• [Assignment] With pictures left out, copy exactly every line from the one containing "Luxe Clover Double-Layer" through the end of the material.

• [Data extract]
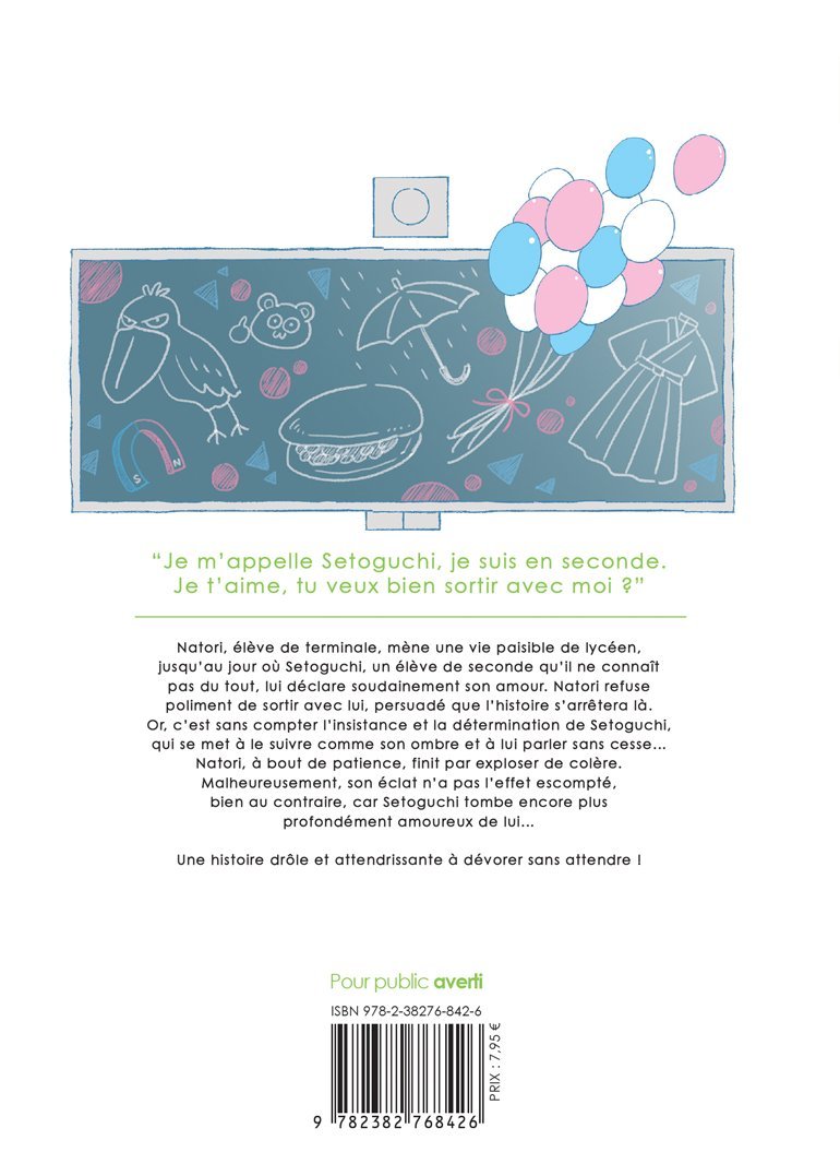 Natori, élève de terminale, mène une vie paisible de lycéen, jusqu'au jour où Setoguchi, un élève de seconde qu'il ne connaît pas du tout, lui déclare soudainement son amour. Natori refuse poliment de sortir avec lui, persuadé que l'histoire s'arrêtera là. Or, c'est sans compter l'insistance et la détermination de Setoguchi, qui se met à le suivre comme son ombre et à lui parler sans cesse...
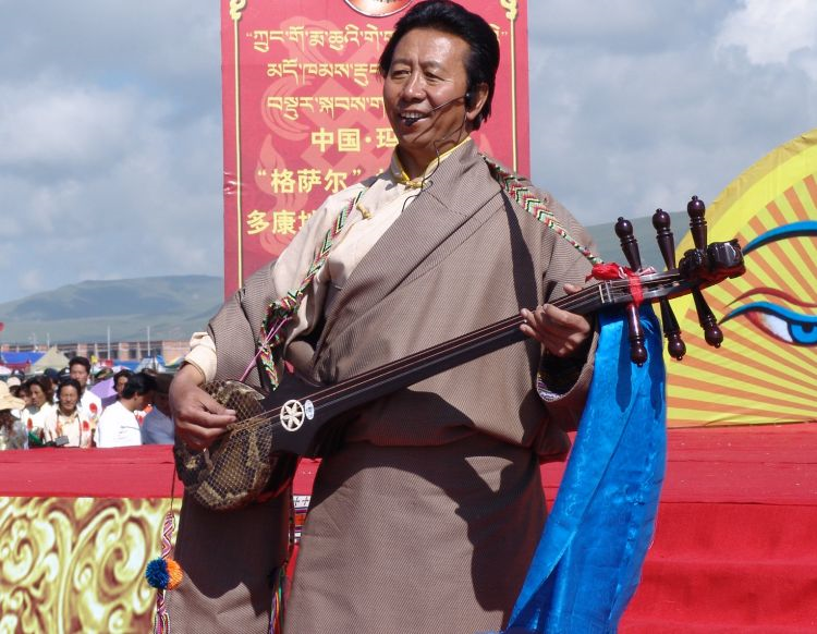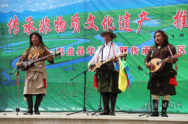 玛曲是藏族民歌弹唱的故里。民歌弹唱是弹唱歌手自弹自唱、即兴填词的一种表演形式。其伴奏乐器以阿里琴为主,也有三弦琴、曼陀铃等作为伴奏乐器。玛曲地域辽阔,又是甘、青、川三省交接的旱码头,境内文化底蕴丰厚,格萨尔文化、民俗文化、宗教文化特色浓郁,因而形成了丰富多彩而又独具特色的玛曲藏族民歌弹唱。弹唱歌词内容涉及历史、宗教、文化、生活等各个方面,是勤劳的藏族人民创造了灿烂的物质文明的同时,所创造出来的优秀传统音乐产品。随着社会的发展,玛曲藏族民歌弹唱也形成独树一帜的表演风格。
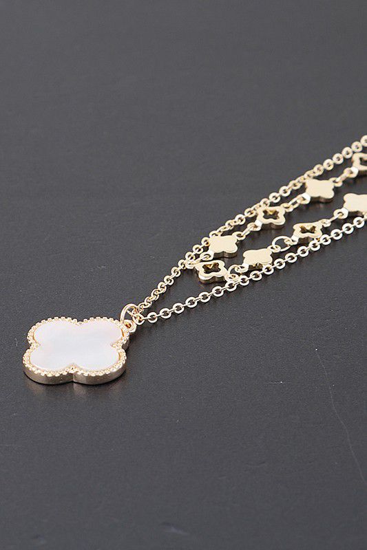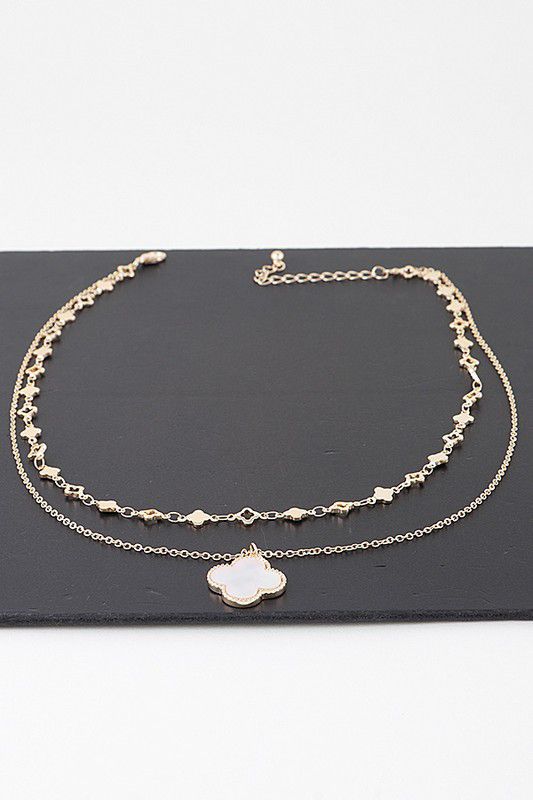 Luxe Clover Double-Layer Clover Necklace in Gold Cream Finish
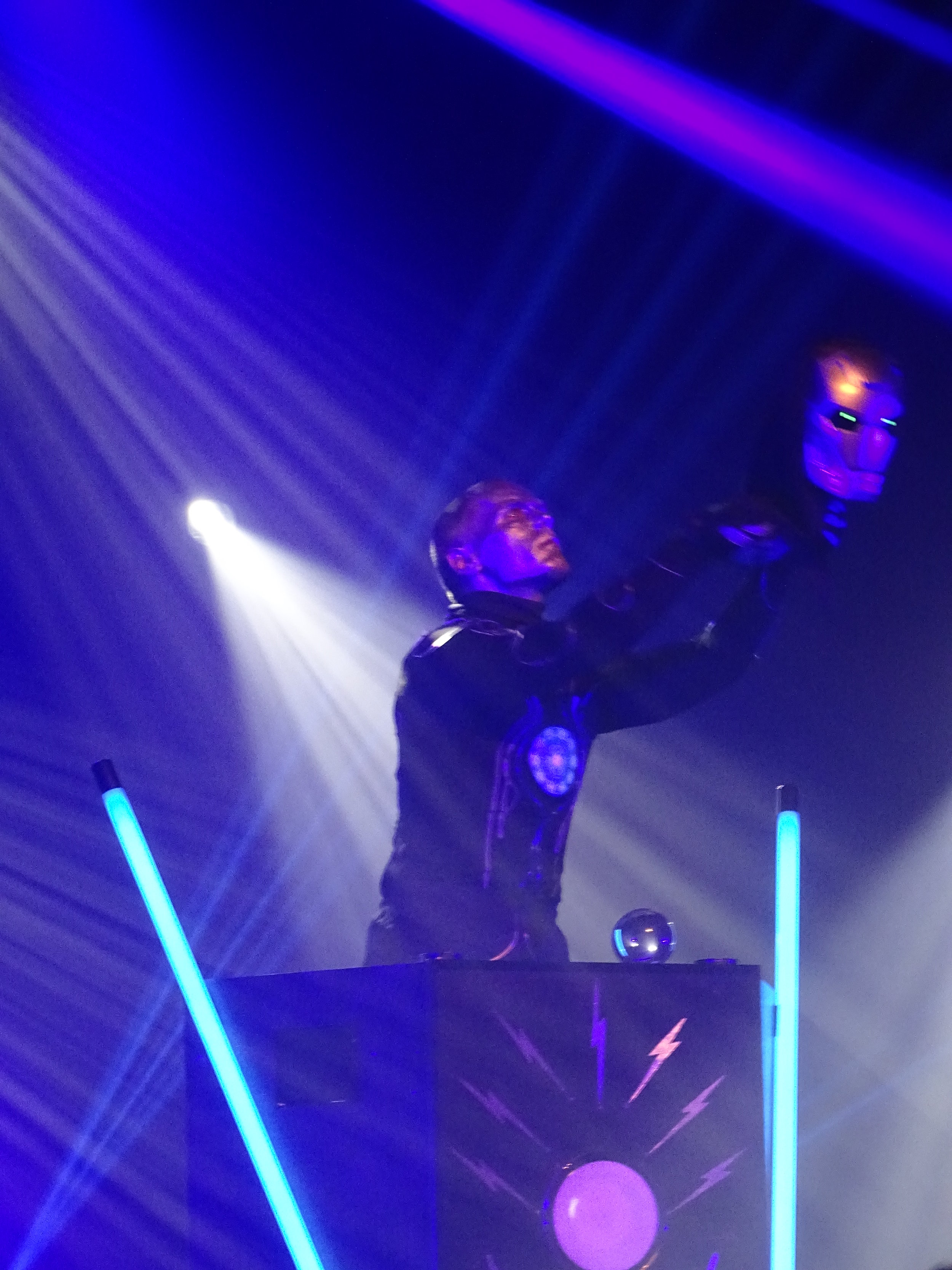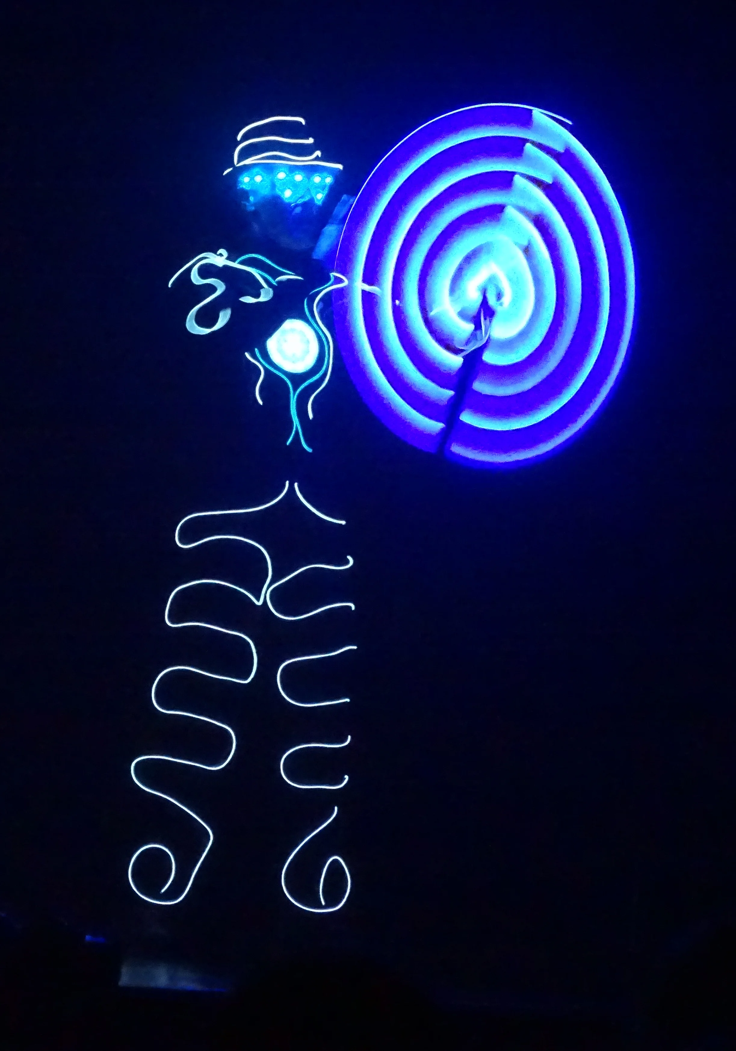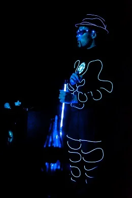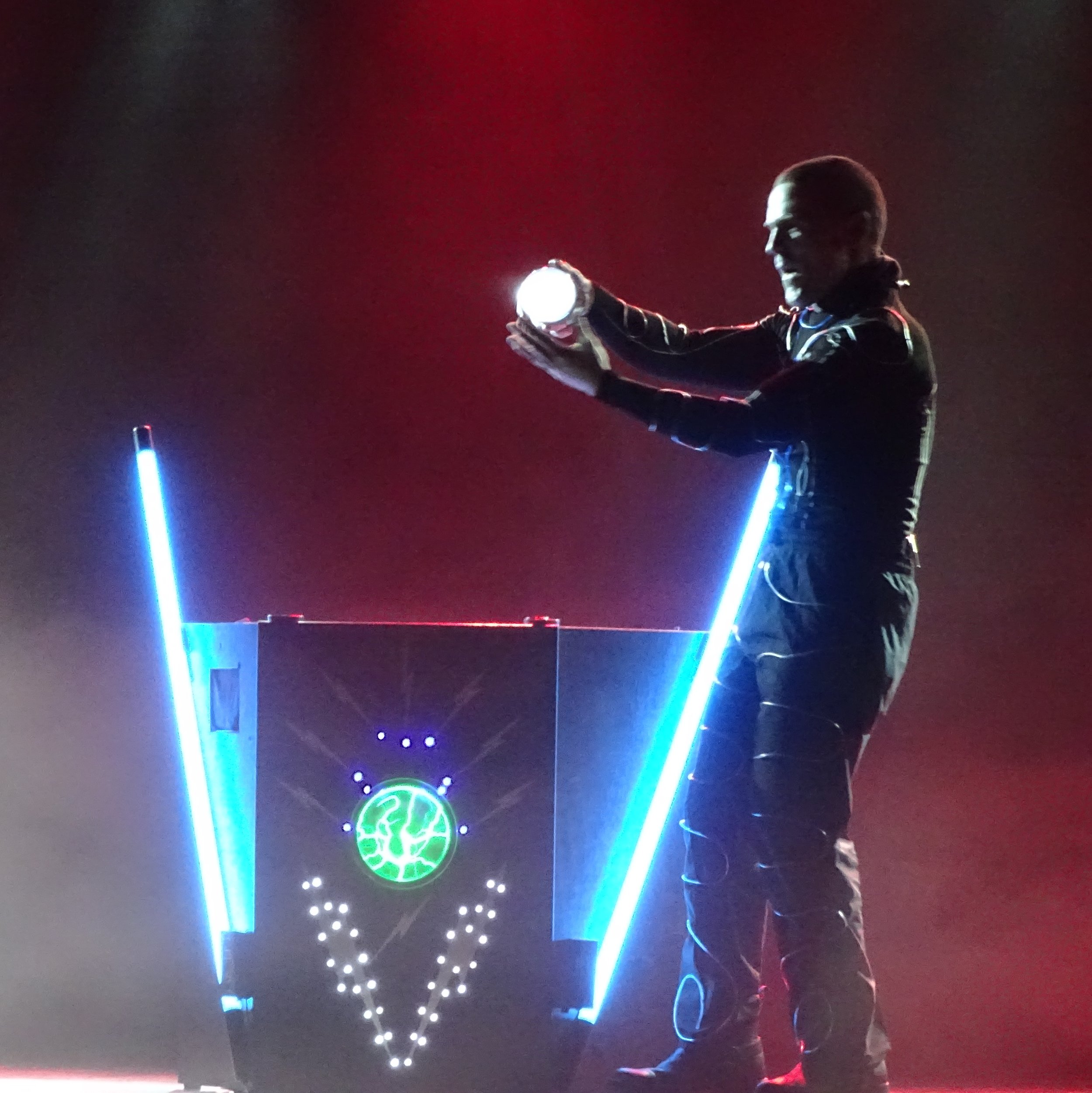 Un numéro haut en couleur et en lumières, qui crépite, qui éclaire et ne nécessite qu'une prise de courant, une possibilité d’obscurcir la pièce et un espace suffisant.

• [Task result]
 Luxe Clover Double-Layer Clover Necklace in Gold Cream Finish
 Un numéro haut en couleur et en lumières, qui crépite, qui éclaire et ne nécessite qu'une prise de courant, une possibilité d’obscurcir la pièce et un espace suffisant.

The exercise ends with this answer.